# Action item
Excluding pictures, retype exactly the lines from the one with "Handmade micro macrame" through the end of the records that follow.

______

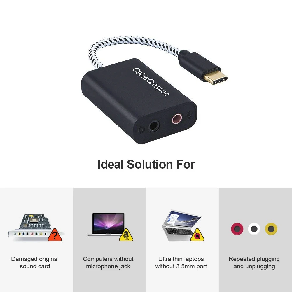 ♥Кабель USB-C аудио адаптер является идеальной альтернативой для обхода поврежденной звуковой карты. Он обеспечивает решение для подключения существующих гарнитур, затычек для ушей, динамиков, микрофонов и aux кабелей к USB-C оборудованному компьютеру и мобильному телефону.
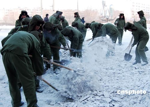 1月31日,解放軍官兵和交警在鏟除路面積雪。自1月12日以來,持續(xù)不斷的降雪、冰凍氣候,給河西走廊中部的甘肅臨澤縣人民生產生活和交通安全造成了嚴重影響。災情發(fā)生后,當?shù)攸h委政府積極采取多項措施,清除冰雪,確保道路交通安全暢通。中新社發(fā) 李自明 攝
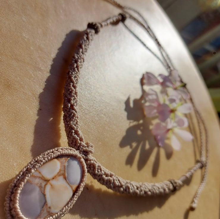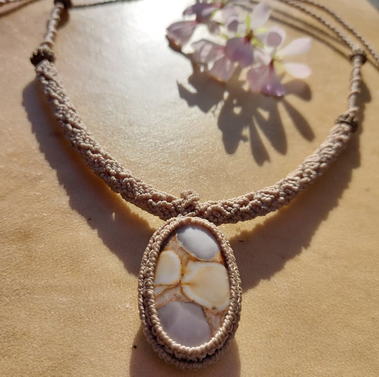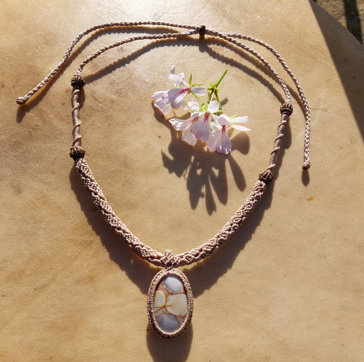 Handmade micro macrame necklace with a cobra jasper cabochon. Adjustable cord.
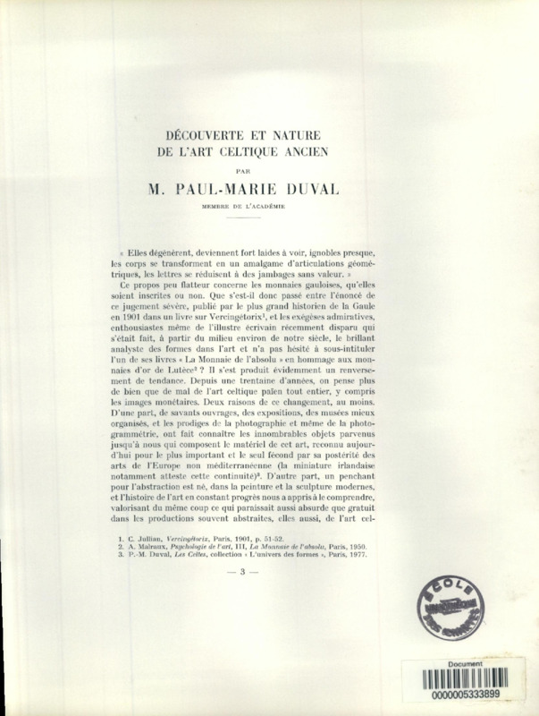Découverte et nature de l'art celtique ancien : lecture faite en la séance annuelle des prix du 25 novembre 1977
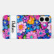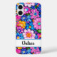 Make a retro statement with this groovy 70s inspired hippie flower power floral iphone 16 pro phone case! It's modern and trendy with bright multi-colored painted flowers. Make it uniquely yours with your name in a modern script font in black. It will look fabulous on your phone!
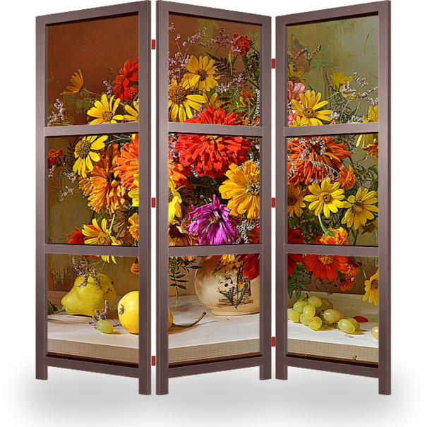 Описание ширмы Букет из цветов ранней осени (цинния разных сортов, гелиопсис, бархатцы, титония, кермек, топинамбур) в кувшине. В дополнение груши и ягоды винограда.
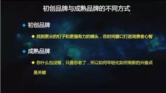 當然我說的成熟品牌都是15-20年這種品牌。多數像我們這些創業者,包括分眾,更多的還是把自己最核心的定位傳輸給別人。
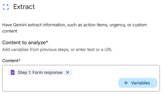 最初のActionsでは「Extract」を選択して、Googleフォームに入力された情報を抽出します。Contentの欄にはVariablesから「Step1: Form response」を設定します。
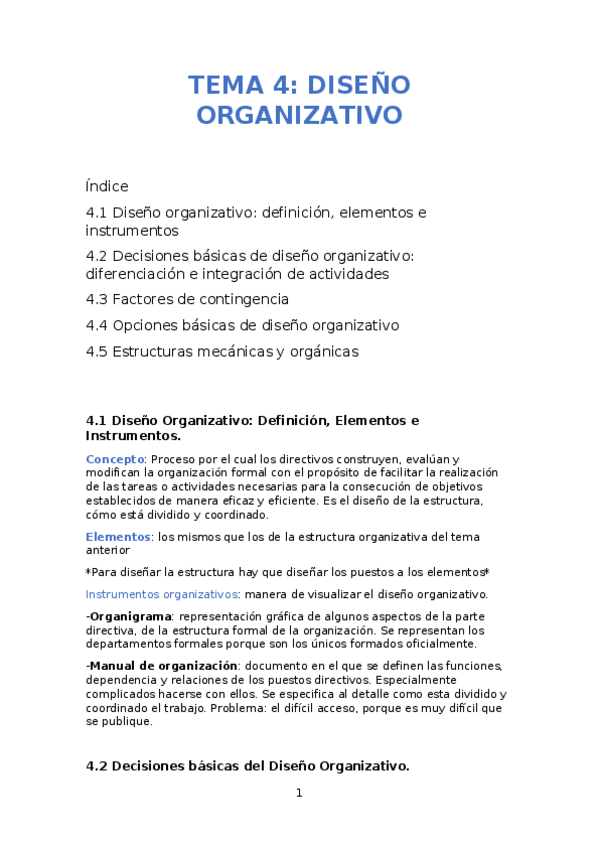Tema 4: Diseño organizativo 1 Diseño Organizativo: Definición, Elementos e Instrumentos 2 Decisiones Básicas de Diseño Organizativo: Diferenciación e Integración de Actividades 3 Factores de Contingencia 4 Opciones Básicas de Diseño Organizativo 5 Estruct

______

# Answer box
 Handmade micro macrame necklace with a cobra jasper cabochon. Adjustable cord.
Découverte et nature de l'art celtique ancien : lecture faite en la séance annuelle des prix du 25 novembre 1977
 Make a retro statement with this groovy 70s inspired hippie flower power floral iphone 16 pro phone case! It's modern and trendy with bright multi-colored painted flowers. Make it uniquely yours with your name in a modern script font in black. It will look fabulous on your phone!
 Описание ширмы Букет из цветов ранней осени (цинния разных сортов, гелиопсис, бархатцы, титония, кермек, топинамбур) в кувшине. В дополнение груши и ягоды винограда.
 當然我說的成熟品牌都是15-20年這種品牌。多數像我們這些創業者,包括分眾,更多的還是把自己最核心的定位傳輸給別人。
 最初のActionsでは「Extract」を選択して、Googleフォームに入力された情報を抽出します。Contentの欄にはVariablesから「Step1: Form response」を設定します。
Tema 4: Diseño organizativo 1 Diseño Organizativo: Definición, Elementos e Instrumentos 2 Decisiones Básicas de Diseño Organizativo: Diferenciación e Integración de Actividades 3 Factores de Contingencia 4 Opciones Básicas de Diseño Organizativo 5 Estruct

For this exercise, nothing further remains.